**Available data**
>>>
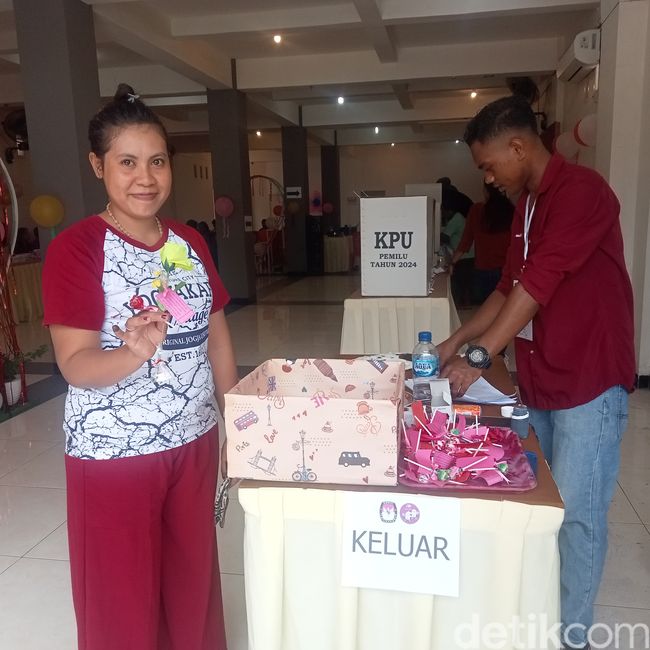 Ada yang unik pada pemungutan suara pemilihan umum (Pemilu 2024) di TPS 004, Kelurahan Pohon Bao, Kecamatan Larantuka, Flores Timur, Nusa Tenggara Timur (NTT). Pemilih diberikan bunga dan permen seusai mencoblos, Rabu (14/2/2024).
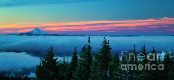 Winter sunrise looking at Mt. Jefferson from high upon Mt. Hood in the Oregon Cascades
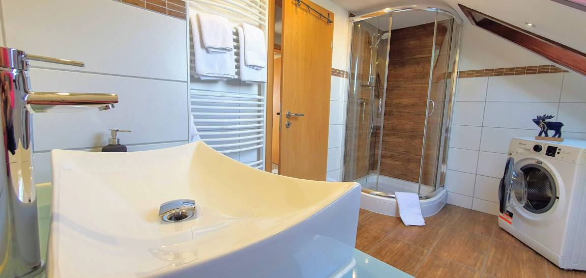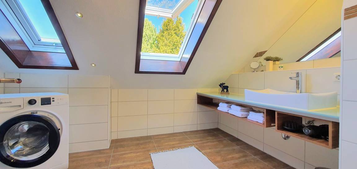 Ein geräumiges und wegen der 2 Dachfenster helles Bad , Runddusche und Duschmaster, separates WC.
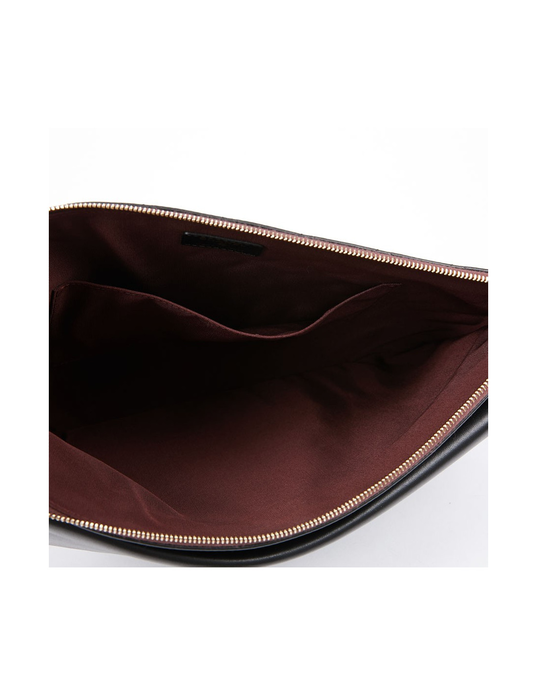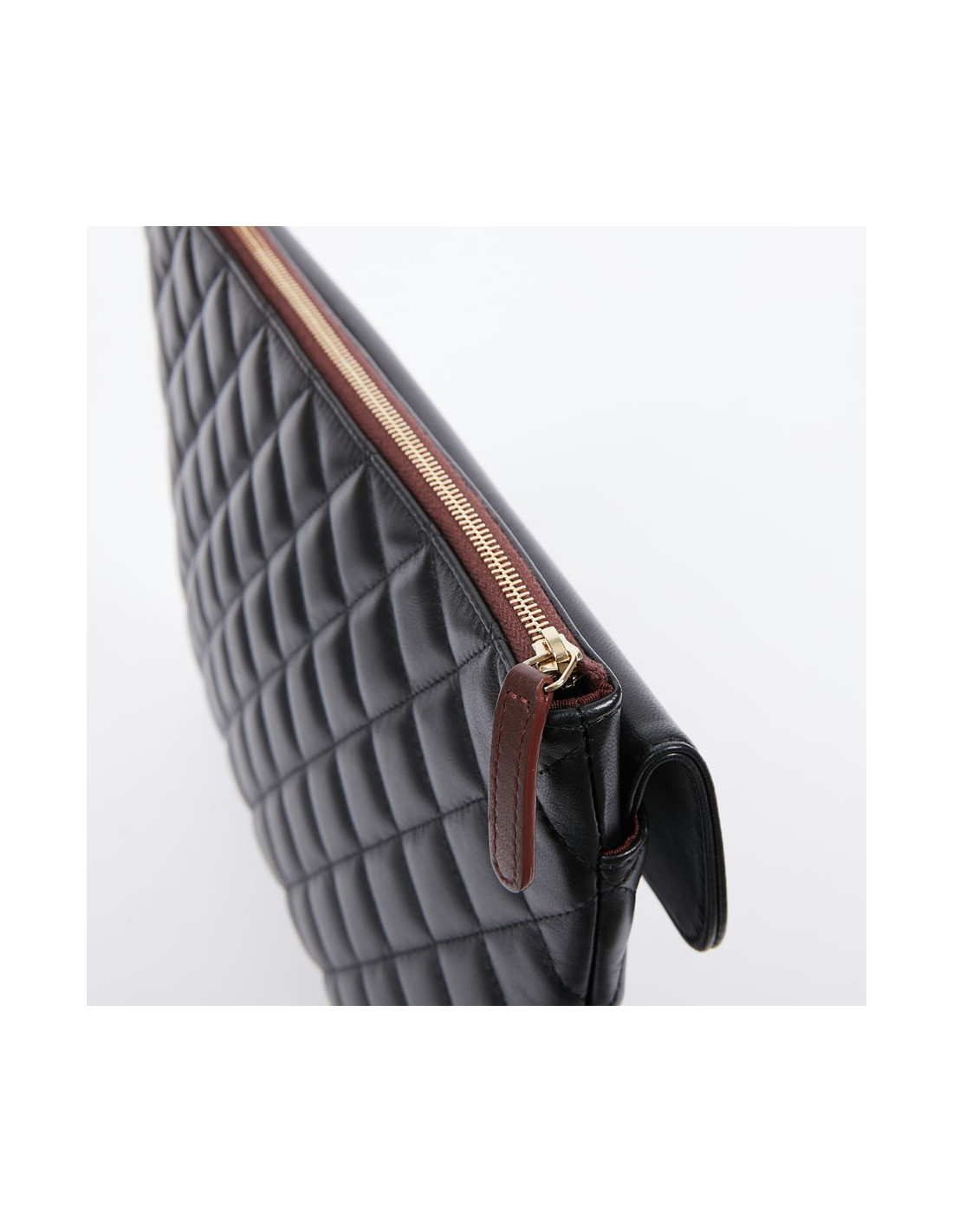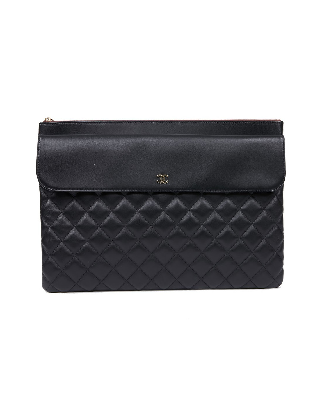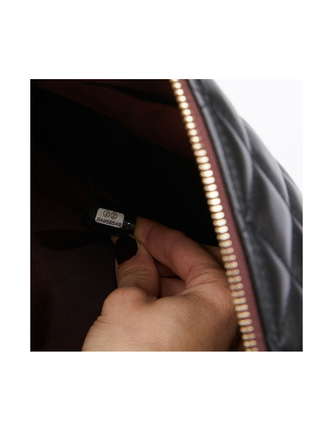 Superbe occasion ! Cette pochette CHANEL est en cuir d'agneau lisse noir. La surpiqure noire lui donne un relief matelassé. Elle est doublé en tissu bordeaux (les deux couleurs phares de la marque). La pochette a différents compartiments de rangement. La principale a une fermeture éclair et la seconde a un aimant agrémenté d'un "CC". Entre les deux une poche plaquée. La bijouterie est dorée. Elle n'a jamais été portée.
<<<
**Problem**
Print the data above verbatim from the first line through the line holding "Winter sunrise looking", leaving every picture out.

**Answer for the task**
 Ada yang unik pada pemungutan suara pemilihan umum (Pemilu 2024) di TPS 004, Kelurahan Pohon Bao, Kecamatan Larantuka, Flores Timur, Nusa Tenggara Timur (NTT). Pemilih diberikan bunga dan permen seusai mencoblos, Rabu (14/2/2024).
 Winter sunrise looking at Mt. Jefferson from high upon Mt. Hood in the Oregon Cascades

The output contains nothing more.